**What is expected**
What is needed is a word-for-word copy of the lines below from the one with "Чувашвтормет, металлоперерабатывающая компания" through the one with "applique old postcard", both included, with every picture left out.

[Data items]
☆ ☆ ☆ ☆
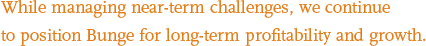 While managing near-term challenges, we continue to position Bunge for long-term profitability and growth.
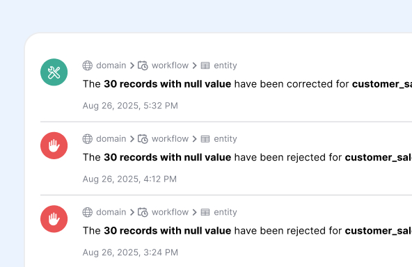 Get instant alerts when data quality issues are detected or rules are triggered.
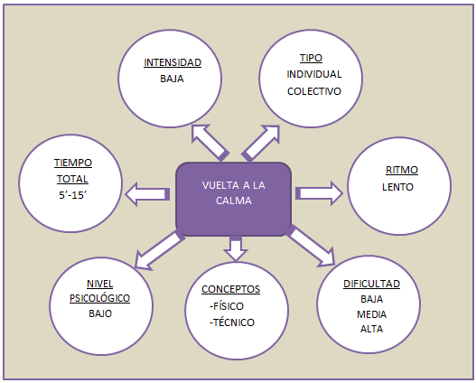 El objetivo final del entrenamiento es devolver al cuerpo a su estado de reposo inicial, para ello utilizamos juegos o ejercicios de intensidad muy baja o simplemente estiramientos pasivos o activos.
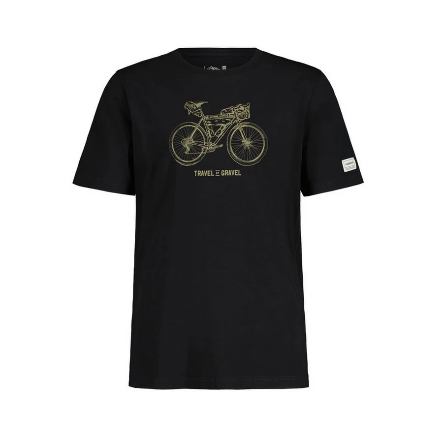 T-shirt décontracté en coton biologique avec une illustration de vélo en gravier emballé et un imprimé « Travel by Gravel ».
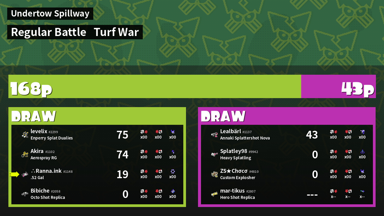 | Mode | Turf War - Regular Battle | ||
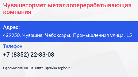 Чувашвтормет, металлоперерабатывающая компания по адресу 429950, Чувашия, Чебоксары, Промышленная улица, 15 в дальнейшем Организация, размещена в следующих категориях:
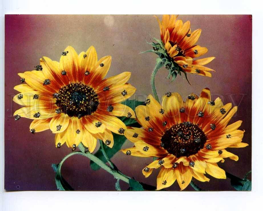 >>> Caption: GERMANY sunflowers with applique old postcard
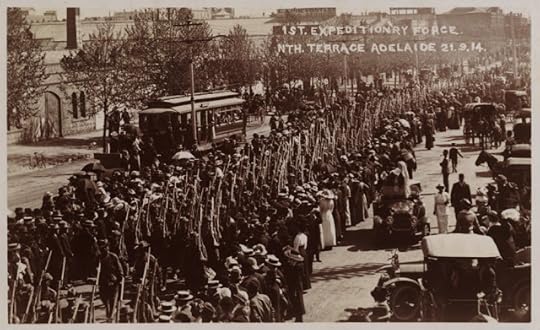 A military band leading South Australian soldiers as they make a farewell march along King William Street, Adelaide before going overseas in World War I; large crowds line the roadside on both sidesSLSA: [PRG 280/1/3/339]April 23, 2024
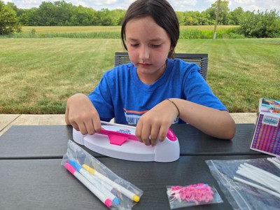 My 9-year-old granddaughter received this bracelet maker in exchange for an honest review. She found the instructions easy to understand and the bracelet maker easy to assemble. She liked the variety of bracelet templates and the option of creating your own design. She was impressed that it had an option for people, like her cousin, who are left-handed! They will have the same ease in making bracelets that she did. The only con that was also a pro was the clasp. When attached, it is very secure to the point where it was difficult to get off, but that also makes it hard to lose while being worn! She can't wait to make more bracelets!
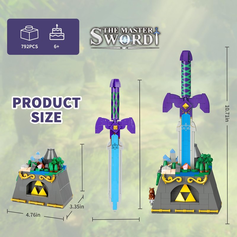 • Product size: the master sword is about 8.7 inches long, the building base is about 4.76 inches long, 3.55 inches wide and 5 inches high.
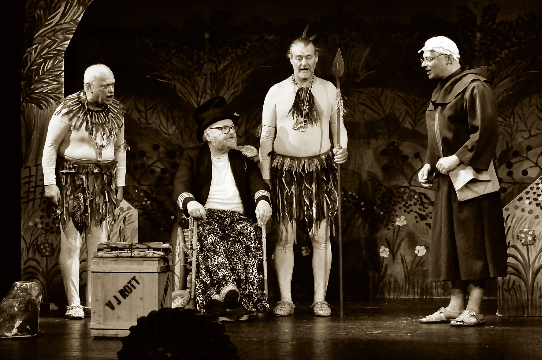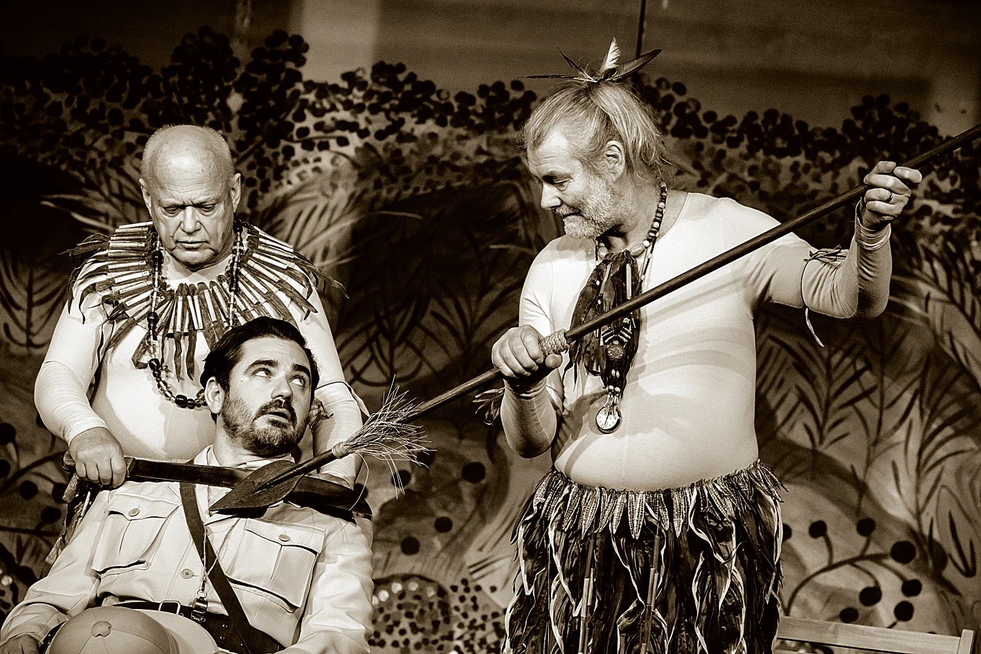 V pořadí objevů čtrnáctá Cimrmanova hra nás zavede do nitra kontinentu téměř nedotčeného civilizací. Čeští cestovatelé se tu setkají s podivným kmenem lidojedů a málem skončí na jejich jídelním lístku. Příslušníci tohoto kmene jsou zvláštní ve dvou směrech: svým vzhledem a svou neobyčejnou učenlivostí. Tyto vlastnosti umožnily Cimrmanovi vyřešit jazykové a inscenační problémy s elegancí, jakou mu ostatní světoví dramatikové mohou jen závidět. Kdyby takové téma zpracoval dejme tomu G. B. Shaw, strávili by diváci v hledišti 5 až 7 hodin. Cimrman tu vystačil (nepočítáme-li úvodní vědecký seminář) s pouhou hodinou. Poprvé v historii Divadla Járy Cimrmana vystupuje na jevišti i živé zvíře.
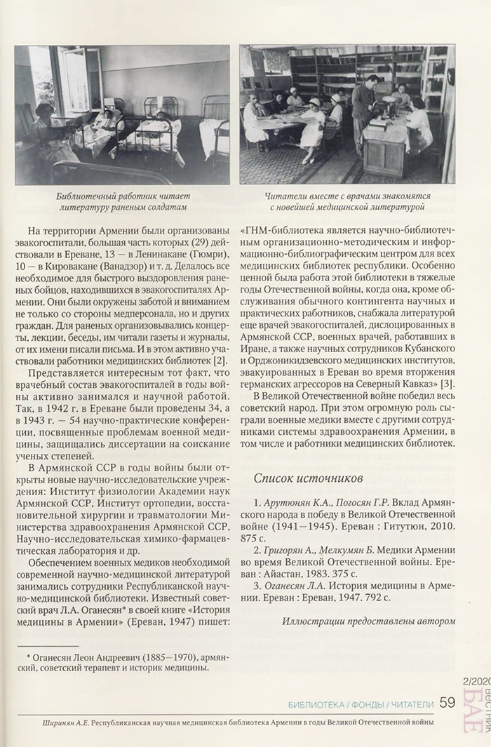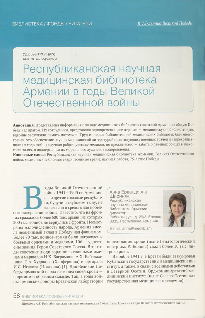 Ներկայացնում ենք ВЕСТНИК БИБЛИОТЕЧНОЙ АССАМБЛЕИ ЕВРАЗИИ հայտնի պարբերականում տպագրված Աննա Շիրինյանի գիտական հոդվածը`«Հանրապետական գիտաբժշկական գրադարանը Հայրենական Մեծ պատերազմի տարիներին», որտեղ նկարագրված է Խորհրդային Հայաստանում բժշկական գրադարանավարների աշխատանքն ու սխրանքը ընդհանուր Մեծ Հաղթանակում (1941-1945 թթ):
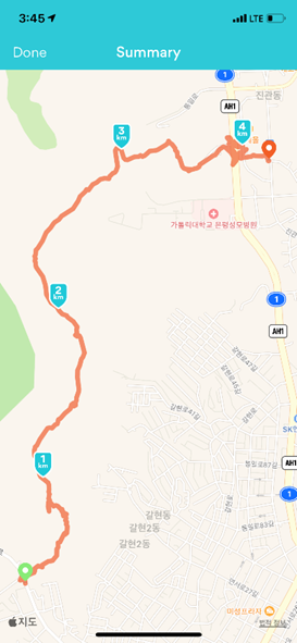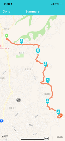위에서는 시간 기록을 살펴봤고 다음은 GPS로 기록한 거리 기록입니다.
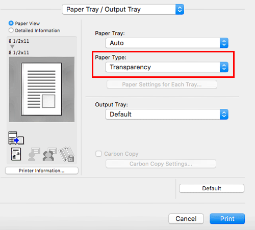 In [Paper Type:] in [Paper Tray / Output Tray], select [Transparency].
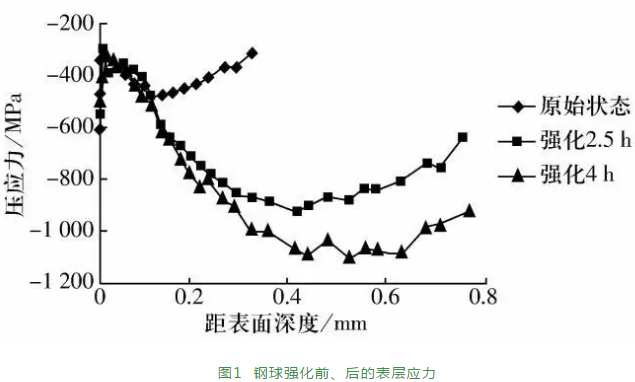 強(qiáng)化后的鋼球表層應(yīng)力增加70%~88%,表層硬度明顯提高,表面沒(méi)有明顯變質(zhì)層。
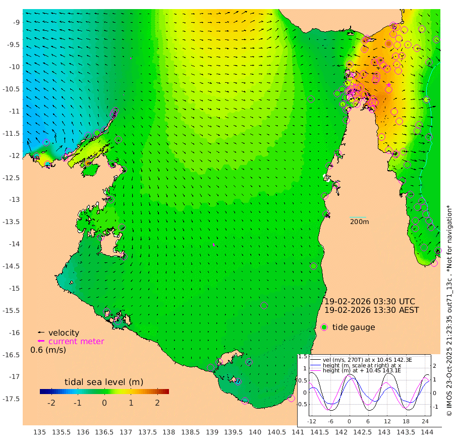2cm/s 30T +3cm/s rms + 7cm/s -42T. ARA-GOC87 57m 28cm/s 166T +3cm/s rms + 2cm/s -2T. ARA-GOC87 60m 10cm/s -70T +2cm/s rms + 3cm/s 61T. ARA-GOC87 47m 124cm Daru 107cm Bobo Island 20cm Meer Island Barge 48cm Bramble Cay 88cm Unnamed Cay 85cm Pearce Cay 72cm Stephens Island 81cm Merrie England Shoals 121cm Mutacomal Reef 65cm Darnley Island Barge 23cm East Cay 92cm Yorke Island Barge 100cm Rennel Island 97cm Aureed Island 116cm Dungeness Reef 150cm Zagai Island 152cm Yam Island 161cm Dauan Island 157cm Saibai Island 139cm Phipi Reef 166cm Warrior Reef - West 121cm Mabuiag Island Barge 96cm Half Way Island 122cm Coconut Island 114cm Dugong Islet 135cm Poll Island 131cm Kirkcaldie Reef 138cm Suarji Island 136cm Sue Islet 55cm Hawkesbury Island 129cm Alert Patches 136cm Twin Island 71cm Badu Island 149cm St Pauls (Moa Island) 83cm Kubin (Moa Island) 119cm Ince Point 102cm Thursday Island 107cm Nardana Patches 81cm Turtle Head 58cm Round Island 40cm Goods Island 16cm Booby Island 21cm White Rocks Area 14cm Carpentaria 123cm Papou Point 16cm Bampfield Head 14cm Crab Island 32cm Red Wallis Island 69cm Packe Island 122cm Harrington Reef 44cm Herald Camp 52cm Sharp Point 65cm Red Island Point 89cm Possession Island 137cm Alpha Rock 134cm Frederick Point 127cm Wyborn Reef Light 136cm Tetley Island 40cm Triangle Reef 108cm Turtle Head Island 27cm Maclennan Cay -2cm Raine Island 83cm Mcsweeny Reef 68cm Collette Reef 30cm Shadwell Reef 67cm Hannibal Island 47cm Round Point 7cm Vrilya Point 37cm Cape Grenville 30cm Hicks Island 37cm Sir Charles Hardy Island 12cm Harvey Island 17cm Kay Reef 6cm Rocky Island -2cm Chapman Island 1cm Ham Reef 7cm Jubilee Reef 10cm Night Island 2cm Unnamed Reef No. 3 4cm Morris Island -3cm 1st 3 Mile Opening 3cm Creech Reef 14cm Fife Island -10cm Eden Reef 1cm Stanley Island 0cm Normanby River -97cm Yabooma Island -93cm Hutchison River -95cm Elcho Island -92cm North West Crocodile Island -25cm Cape Wessel -61cm Stevens Island 17cm Guluwuru Island -74cm Hopeful Bay -51cm Auster Point -45cm Two Island Bay -42cm Cadell Strait 143cm Mallison Island 0cm Melville Bay (Gove Harbour) 5cm Truant Island 9cm Cape Arnhem -10cm Cape Grey -13cm Hawk Island -38cm Milner Bay (Groote Eylandt) -30cm Cape Beatrice -36cm West Island -45cm Centre Island -26cm Mornington Island -25cm West Wellesley Islands -54cm Bountiful Island -73cm Albert River Mouth -104cm Sweers Island -70cm Karumba -6cm Nassau River Offshore 16cm Christmas Creek 2cm Archer River 18cm Boyd Point 4cm Weipa (Humbug Point) 3cm Pennefather River 13cm Cullen Point
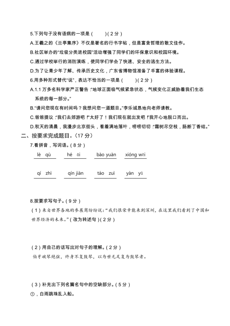 六年级上册语文部编版期末真题卷(二)(含答案)芝士老师1年前发布关注私信3.96MB8页657211六年级上册语文部编版期末真题卷(二)(含答案)此内容为免费资源,请登录后查看0积分 登录查看强烈推荐123网盘下载,非会员不限速如果下载链接失效请联系客服补发如需手机上下载打印,请用手机浏览器打开本站免费资源 第1页 / 共8页 第2页 / 共8页 该文档为免费文档,您可直接下载完整版进行阅读 © 版权声明 1 如果您找不到想要的资料, 点击这儿 可以查看网站使用手册! 2 可能会帮助到你: 网址导航 | 网站入门 | 获取邀请码 3 如果遇到付费才能看或下载的文章,建议您升级本站VIP会员;全站所有资源任意下,免费看。 4本站资源部分来自网络,由多位老师收集整理,如有侵犯你的权益请 联系站长,我们会第一时间进行审核删除。 5 站内资源为网友个人学习或测试研究使用,未经原版权作者许可,禁止用于任何商业途径!请在下载24小时内删除! THE END考试试卷专题六年级资料专区# 期末 这套资料真的不错,快分享给您身边最好的朋友吧^_^点赞211 分享QQ空间微博QQ好友海报分享复制链接收藏 可以按Ctrl+D收藏此页面 HI!请登录 登录 注册 搜索 开启精彩搜索 免费内容强烈推荐123网盘下载,非会员不限速如果下载链接失效请联系客服补发如需手机上下载打印,请用手机浏览器打开本站 登录查看默写 (12)高频考点 (1)高分必刷 (0)高中语文 (5)高中英语 (7)高中生物 (5)高中数学 (12)高中地理 (5)高中历史 (5)高中化学 (5)预习 (2)音标 (1)雷锋 (0)阅读 (0)阅兵 (5)钱 (6)量词 (3)部首 (1)逻辑 (12)通用 (0) 小吖麻麻关注 这家伙很懒,什么都没有写... evawawawa关注 这家伙很懒,什么都没有写... s_juan1关注 这家伙很懒,什么都没有写... kele关注 这家伙很懒,什么都没有写... 燕子关注 这家伙很懒,什么都没有写... 四爷关注 这家伙很懒,什么都没有写... 小豆点sun关注 这家伙很懒,什么都没有写... Mouse Dad关注 这家伙很懒,什么都没有写... 领取5000T网盘资源 百度网盘5000T网红资源 立即领取 在手机上浏览此页面 登录没有账号?立即注册手机号或邮箱图形验证码验证码发送验证码记住登录账号密码登录 登录用户名/手机号/邮箱登录密码图形验证码记住登录找回密码 | 免密登录 登录注册已有账号,立即登录设置用户名手机号图形验证码验证码发送验证码设置密码重复密码邀请码(选填)注册已阅读并同意用户协议、隐私声明
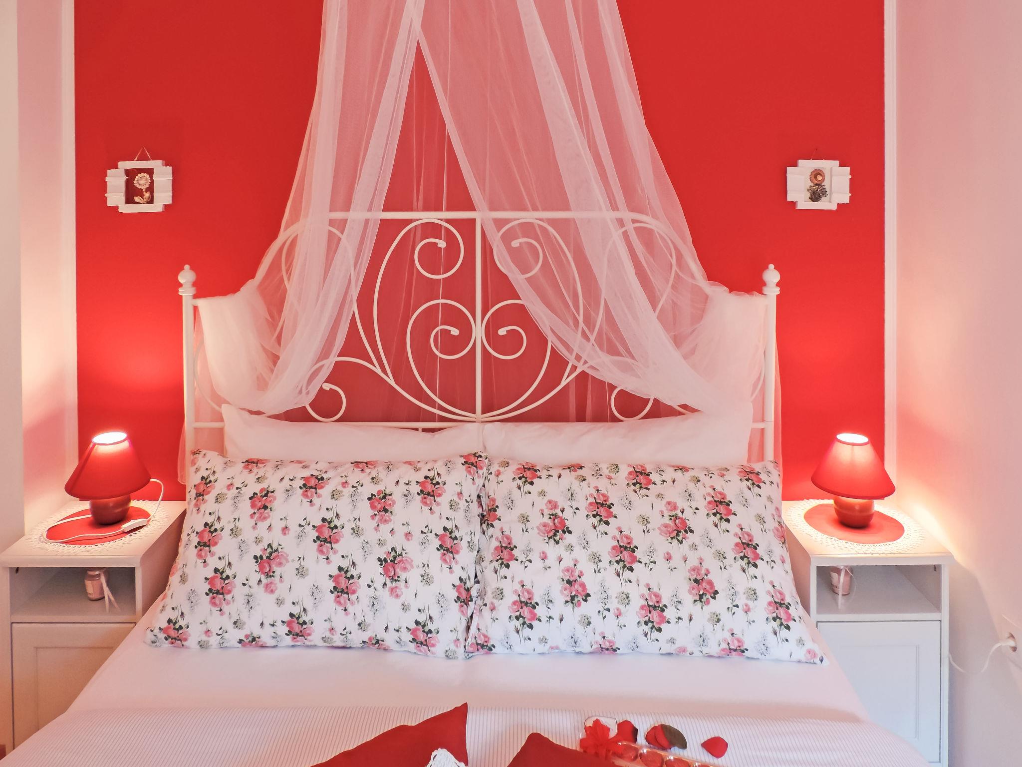 3-room house 65 m2 on 2 levels. Beautiful and tasteful furnishings: living/dining room 25 m2 with 1 double sofabed (185 cm, length 185 cm), open-hearth fireplace (only for decoration), satellite TV (flat screen), DVD and air conditioning. Exit to the terrace. Open kitchen (4 hot plates, oven, dishwasher, microwave, freezer, electric coffee machine). Bath/WC, sep. WC. Upper floor: 1 room with 1 double bed (2 x 80 cm, length 200 cm). 1 room with 2 beds (90 cm, length 200 cm). Electric heating. Terrace 20 m2. Terrace furniture, deck chairs. View of the swimming pool. Facilities: baby cot, hair dryer. Internet (WiFi, free). Maximum 1 pet/ dog allowed. Low height of the entrance door into the house 182 cm. Ceiling height above interior staircase 175 cm - 220 cm.
☆ ☆ ☆ ☆
**Solution to this task**
 Чувашвтормет, металлоперерабатывающая компания по адресу 429950, Чувашия, Чебоксары, Промышленная улица, 15 в дальнейшем Организация, размещена в следующих категориях:
 >>> Caption: GERMANY sunflowers with applique old postcard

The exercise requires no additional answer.